*** Recorded data ***

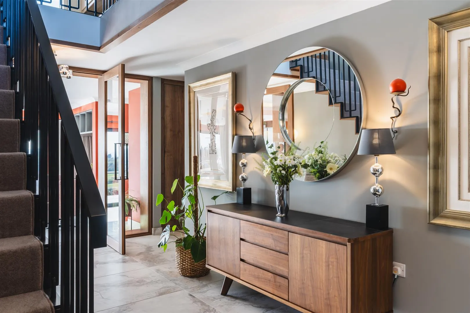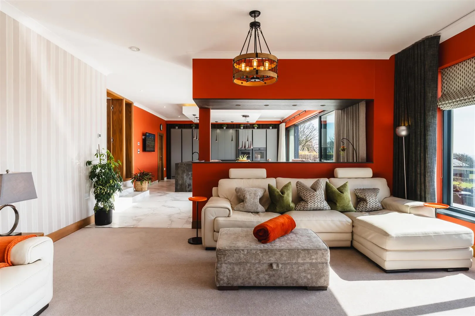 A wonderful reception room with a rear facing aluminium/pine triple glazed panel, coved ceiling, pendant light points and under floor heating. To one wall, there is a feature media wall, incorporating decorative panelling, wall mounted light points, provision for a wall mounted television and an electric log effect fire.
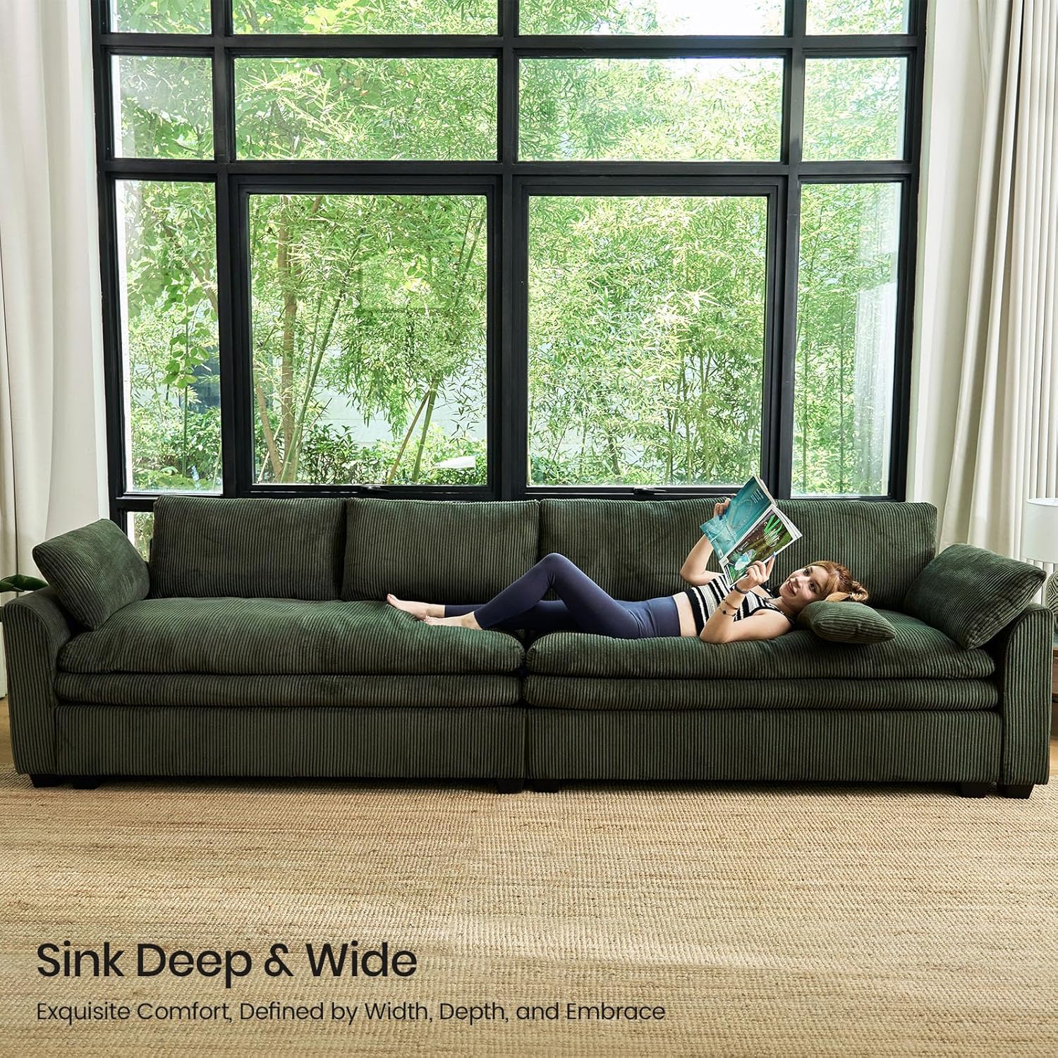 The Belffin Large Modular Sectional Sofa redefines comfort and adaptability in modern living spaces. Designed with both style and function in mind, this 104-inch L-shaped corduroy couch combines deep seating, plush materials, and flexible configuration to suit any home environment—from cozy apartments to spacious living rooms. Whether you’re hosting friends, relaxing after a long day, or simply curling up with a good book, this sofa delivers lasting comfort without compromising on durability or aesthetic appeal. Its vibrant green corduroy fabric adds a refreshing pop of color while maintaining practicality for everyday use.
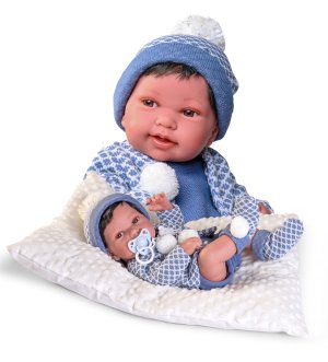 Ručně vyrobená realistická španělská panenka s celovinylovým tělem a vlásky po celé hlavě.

*** End of Recorded data ***

• [Exercise directions]:
All of the listing above must be output exactly, except for its pictures.

• [Response below]:
 A wonderful reception room with a rear facing aluminium/pine triple glazed panel, coved ceiling, pendant light points and under floor heating. To one wall, there is a feature media wall, incorporating decorative panelling, wall mounted light points, provision for a wall mounted television and an electric log effect fire.
 The Belffin Large Modular Sectional Sofa redefines comfort and adaptability in modern living spaces. Designed with both style and function in mind, this 104-inch L-shaped corduroy couch combines deep seating, plush materials, and flexible configuration to suit any home environment—from cozy apartments to spacious living rooms. Whether you’re hosting friends, relaxing after a long day, or simply curling up with a good book, this sofa delivers lasting comfort without compromising on durability or aesthetic appeal. Its vibrant green corduroy fabric adds a refreshing pop of color while maintaining practicality for everyday use.
 Ručně vyrobená realistická španělská panenka s celovinylovým tělem a vlásky po celé hlavě.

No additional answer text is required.